TASK OBJECTIVE:
Retype every line from the start of the data down to and including the line with "Zooming in along". Skip the pictures.

STORED DATA:
+--
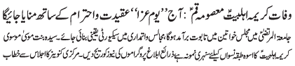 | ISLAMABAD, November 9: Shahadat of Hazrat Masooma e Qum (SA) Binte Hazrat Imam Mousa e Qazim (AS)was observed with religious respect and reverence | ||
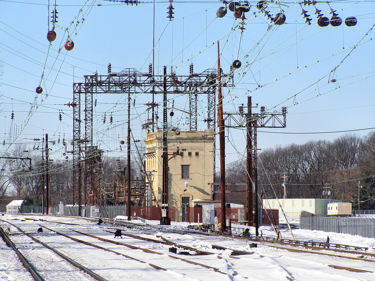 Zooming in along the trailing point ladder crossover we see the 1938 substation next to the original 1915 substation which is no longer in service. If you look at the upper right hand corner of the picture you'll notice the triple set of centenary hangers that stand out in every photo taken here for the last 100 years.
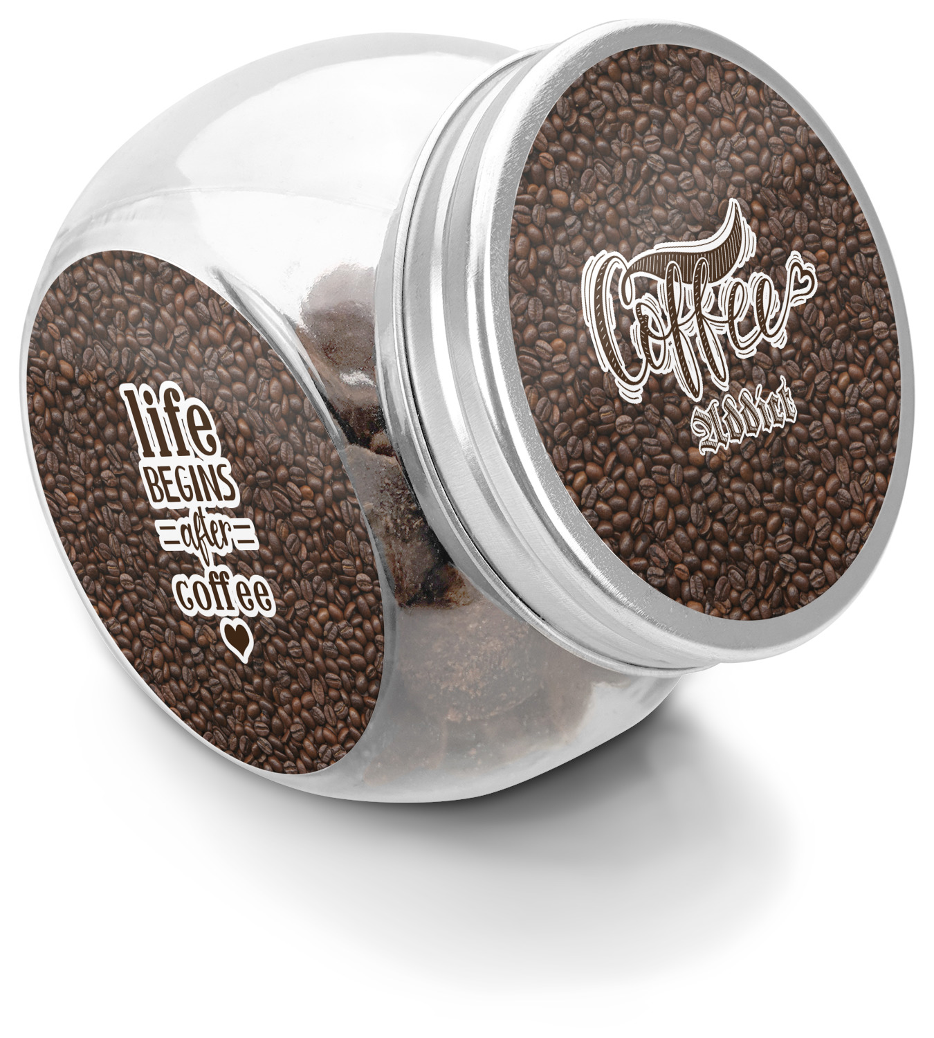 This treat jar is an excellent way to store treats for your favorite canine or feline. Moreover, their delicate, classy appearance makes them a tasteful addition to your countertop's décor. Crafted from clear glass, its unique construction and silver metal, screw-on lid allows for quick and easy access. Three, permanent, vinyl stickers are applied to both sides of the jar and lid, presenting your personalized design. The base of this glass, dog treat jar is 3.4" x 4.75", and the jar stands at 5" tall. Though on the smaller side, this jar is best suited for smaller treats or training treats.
+--
RESPONSE:
 | ISLAMABAD, November 9: Shahadat of Hazrat Masooma e Qum (SA) Binte Hazrat Imam Mousa e Qazim (AS)was observed with religious respect and reverence | ||
 Zooming in along the trailing point ladder crossover we see the 1938 substation next to the original 1915 substation which is no longer in service. If you look at the upper right hand corner of the picture you'll notice the triple set of centenary hangers that stand out in every photo taken here for the last 100 years.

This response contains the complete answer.